The Graph of Thoughts framework supports local LLM inference as an alternative to cloud-based APIs. This principle describes the pattern for loading and running large language models locally using the HuggingFace Transformers library, with BitsAndBytes 4-bit quantization to reduce GPU memory requirements while maintaining acceptable output quality.

Core Concepts

BitsAndBytes 4-Bit Quantization (NF4)

Running large language models (e.g., LLaMA-2 7B with ~14GB in FP16) on consumer GPUs requires aggressive memory reduction.
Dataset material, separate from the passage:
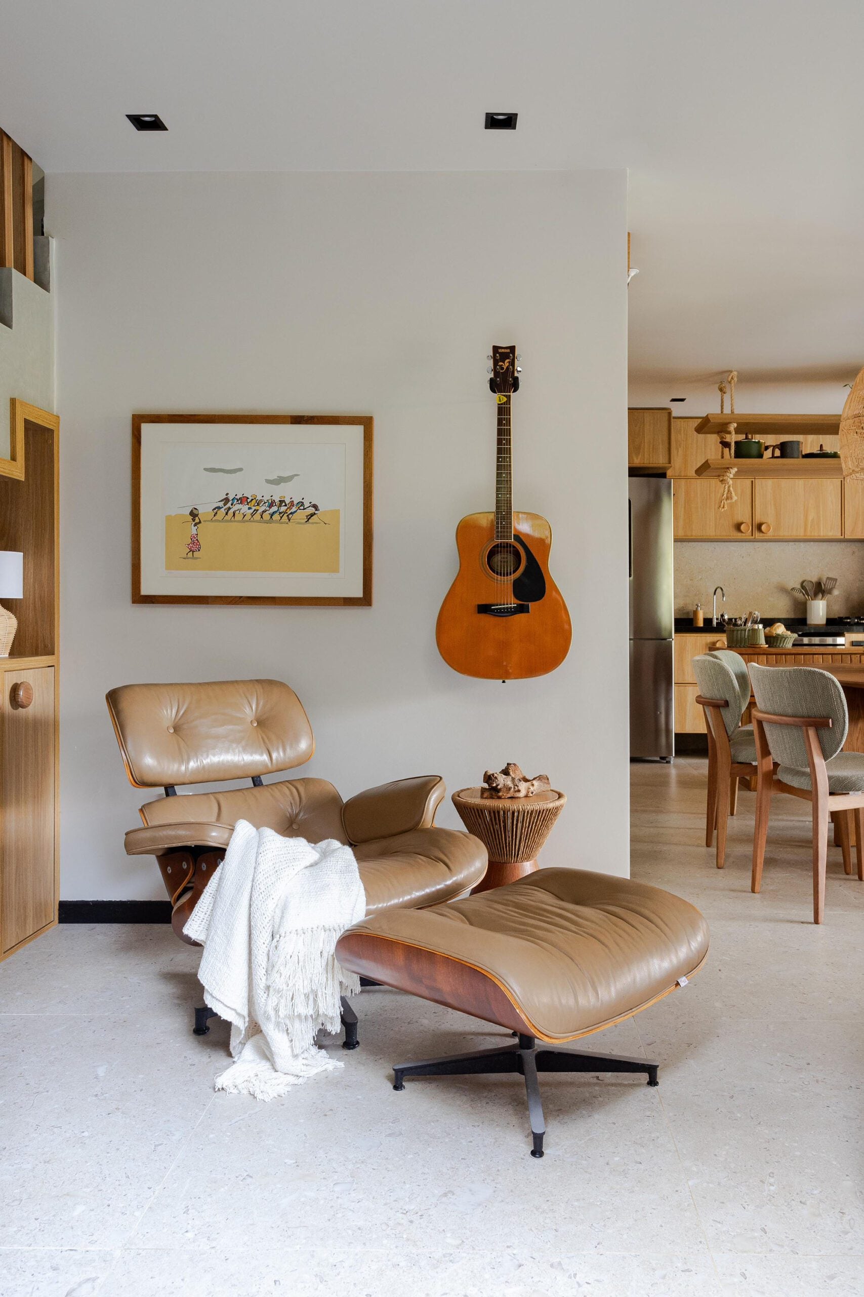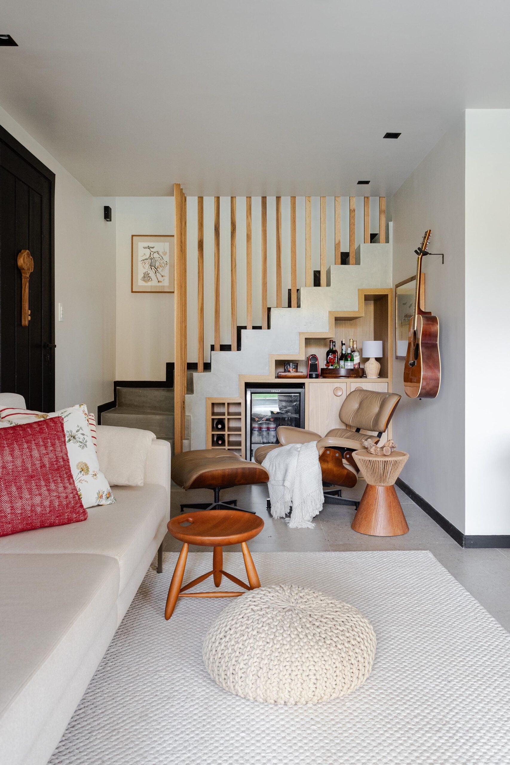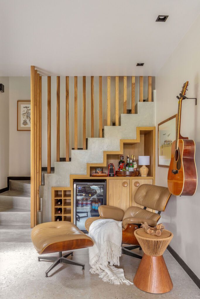 No mobiliário, peças da Tidelli equipam a área externa, enquanto móveis da Domi Interiores adornam a sala de estar e a cozinha. A poltrona Charles Eames, o sofá da sala de TV e outros itens de acervo pessoal também compõem o ambiente.

The integration uses BitsAndBytes quantization with the following configuration:

  • load_in_4bit=True -- loads model weights in 4-bit precision instead of 16-bit or 32-bit
  • bnb_4bit_quant_type="nf4" -- uses Normal Float 4-bit (NF4) quantization, which is information-theoretically optimal for normally distributed weights
  • bnb_4bit_use_double_quant=True -- applies a second round of quantization to the quantization constants themselves, further reducing memory
  • bnb_4bit_compute_dtype=torch.bfloat16 -- performs actual computation in bfloat16 for numerical stability

This combination typically reduces a 7B parameter model from ~14GB to ~4GB of GPU memory, making it feasible to run on a single consumer GPU.

Local Model Loading

The model loading pattern follows these steps:

  1. Load the model configuration from HuggingFace Hub using AutoConfig.from_pretrained
  2. Construct a BitsAndBytesConfig with the 4-bit quantization settings
  3. Load the tokenizer using AutoTokenizer.from_pretrained
  4. Load the model using AutoModelForCausalLM.from_pretrained with the quantization config and device_map="auto" for automatic GPU placement
  5. Set the model to evaluation mode (model.eval()) and disable gradient computation (torch.no_grad())
  6. Wrap the model and tokenizer in a HuggingFace pipeline for convenient text generation

The TRANSFORMERS_CACHE environment variable is set before importing transformers to control where model weights are cached on disk.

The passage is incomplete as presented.